You are viewing a plain text version of this content. The canonical link for it is here.
Posted to user@oozie.apache.org by 朱健 <zh...@jd.com> on 2015/06/15 12:51:19 UTC

Questions about oozie timezone

Hi,

Thanks for read this email.

I have used oozie for about 2 years. Now I have encountered one problem about the time zone.
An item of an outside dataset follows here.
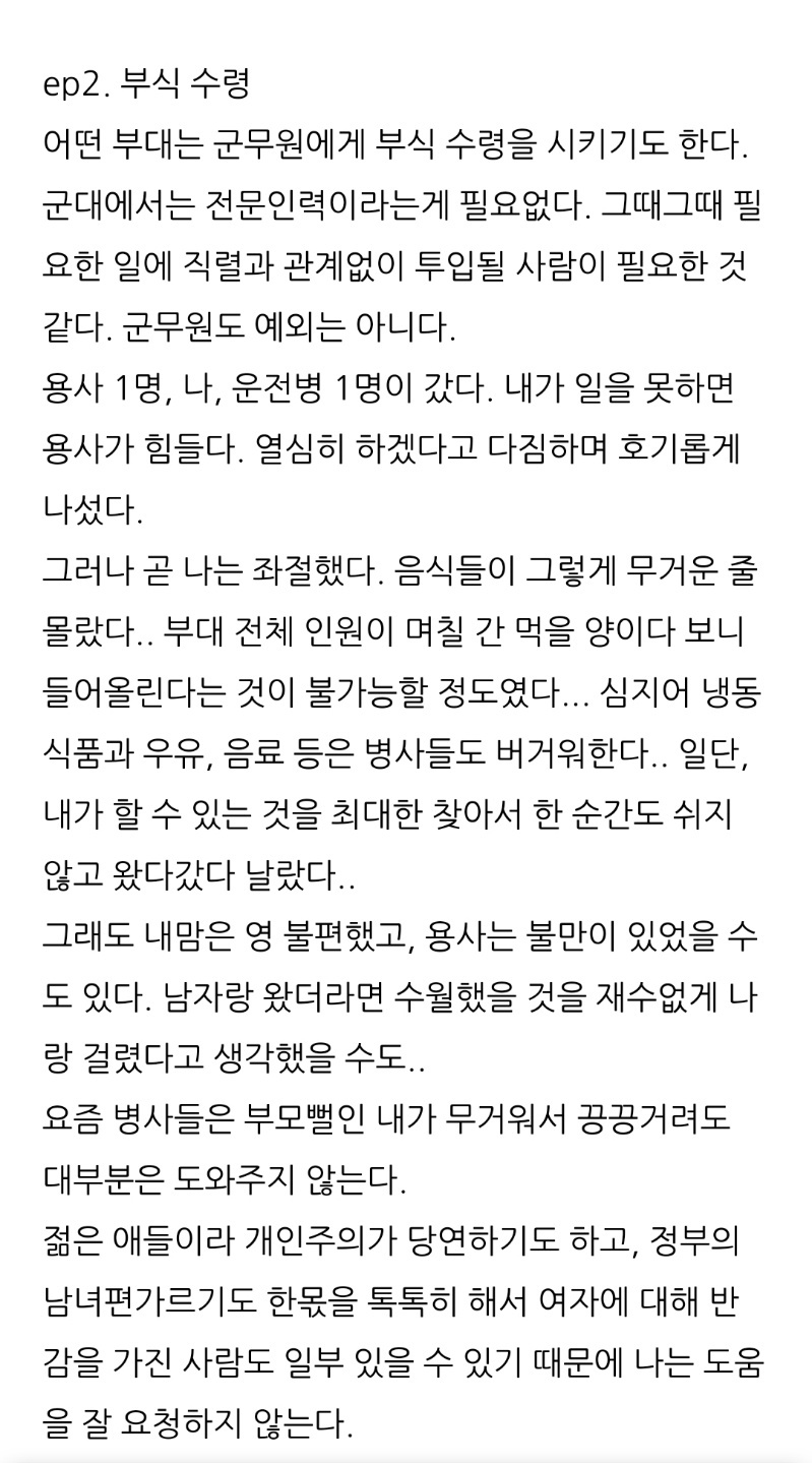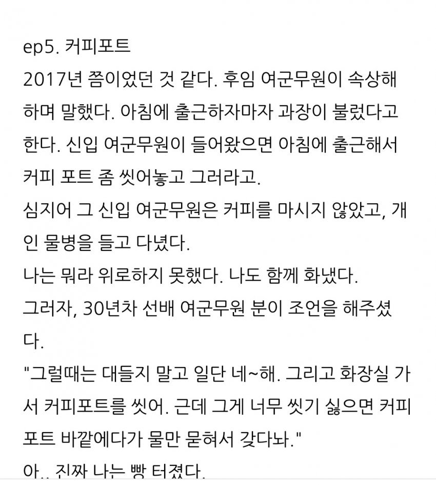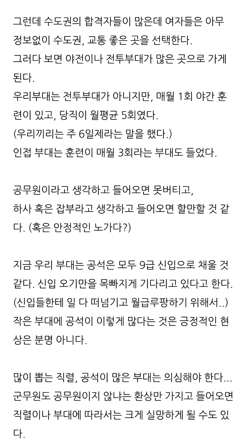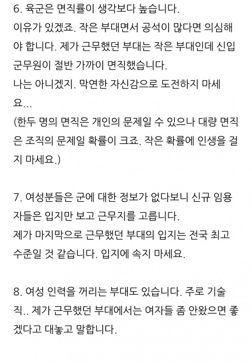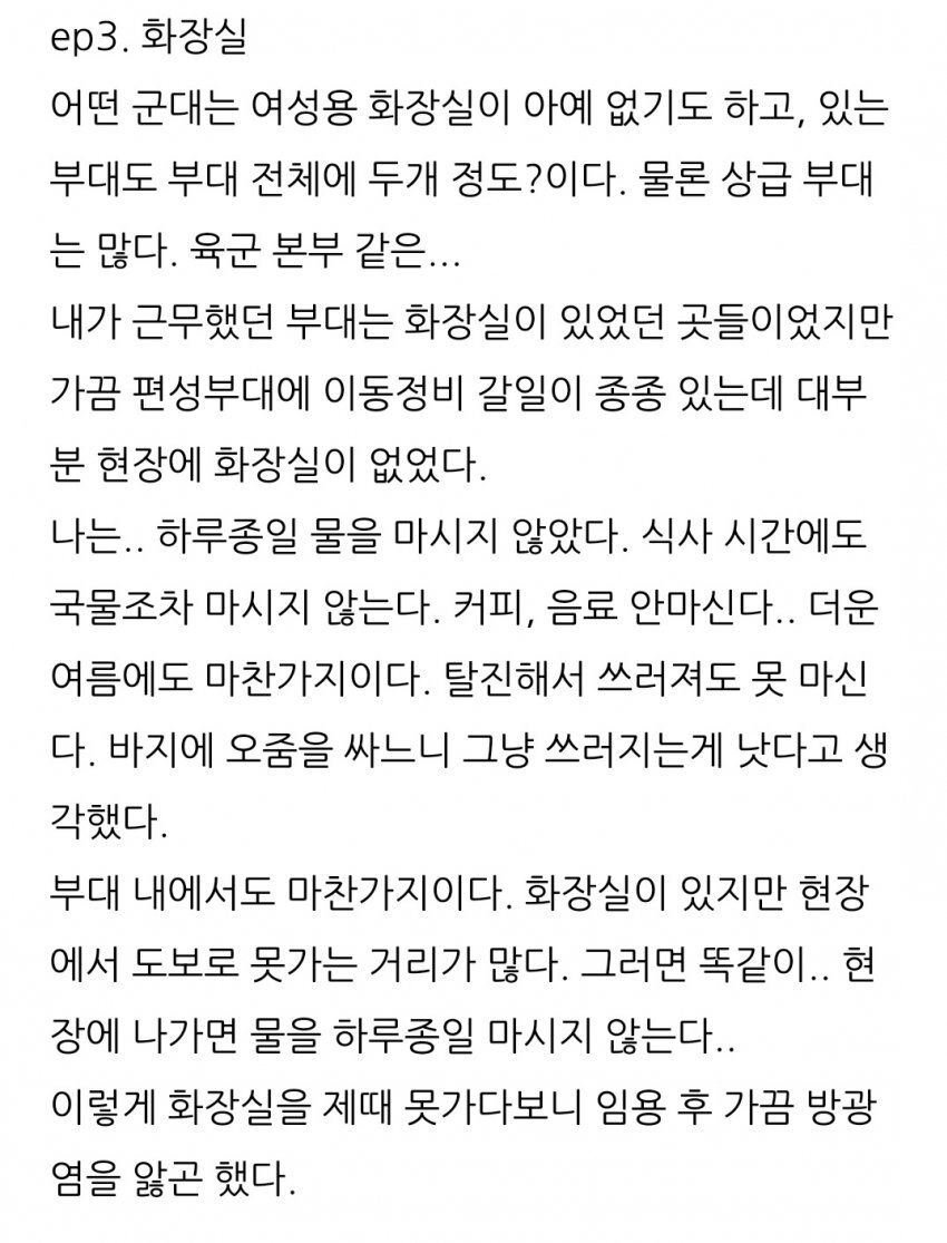 작성자빨래하기전에주머니를꼭확인합시다 작성시간 23.12.19 생리대 챙겨서 집가서 버려야하고^^... 내 친구는 당직 서는 곳에 여자화장실 없어서 그날은 최대한 물 안마시고 밤새 참음ㅋ.. 여기까진 극남초니 시설상 그렇다 쳐, 군대니까 지역이나 시설 환경 개후진거 그렇다 쳐, 근데 마인드가 문제임 걍ㅋㅋㅋ 여자 싫어서 안받으려고 지들끼리 싸움ㅋㅋ 차라리 폐급 남자를 받고 말지라는 마인드임ㅋㅋㅋ 다른 팀 여자는 인사만 잘해도 성격 좋니 마니 일을 잘하니 마니 앞에서는 칭찬 구구절절해도 자기 팀에 두는건 싫어함ㅋㅋ 뒷담화는 뭐~ 의외로가 아니라 그냥 대놓고 심함ㅋㅋ 여자든 남자든.. 여자들끼리 힘내자 뭉치자 하고 갔는데 나만 그래서 그게 안되더라.. 남자들 신입오면 몸평 얼평 기본이고 옷 하나하나까지 평가함ㅋㅋㅋㅋ 나는 모르는 사람들이 이미 날 뒤에서 다 평가하고 있는 곳^^ 성희롱은 뭐 당연하고~ ^^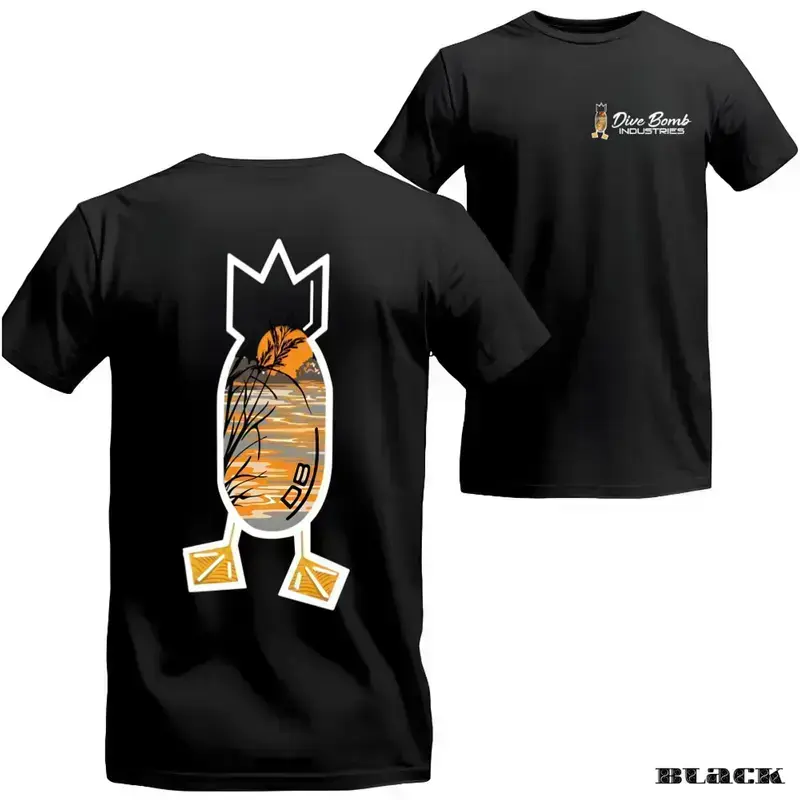 Dive Bomb Industries Hunting T Shirt, Sunset Outdoor Scene Logo Tee, Waterfowl Brand Duck Hunting Graphic, Outdoor Lifestyle Streetwear For Hunters, Unisex Casual Graphic T-Shirts For Men Women Menswear Womenswear

Because we located at GMT+08:00 timezone, our Hadoop system makes the convention that all the data path on the HDFS is named by the GMT+08:00 timezone. That means:
At UTC 2015-01-01T00:00Z, the output hourly data located under this folder: $root/2015010108, not the $root/2015010100
At UTC 2015-01-01T01:00Z, the output hourly data located under this folder: $root/2015010109, not the $root/2015010101

So if I set the timezone in the coord to UTC, the oozie job will read the data of 00 hour, but I want it to read the 08. For me in Beijing, China, it is natural for me to understand that the oozie job will read the 08 data at local 08:00

I also tried to set the timezone to GMT+08:00, it didn’t work. Seems the timezone only impact the “Daylight Saving Time”.

Currently I add 8 to my instance number in the coord to fix it temporarily : Change From <instance>0</instance> to <instance>8</instance>
This may be acceptable for hourly job. But it is really ugly to minutes jobs or dailyl jobs. Almost unreadable for human.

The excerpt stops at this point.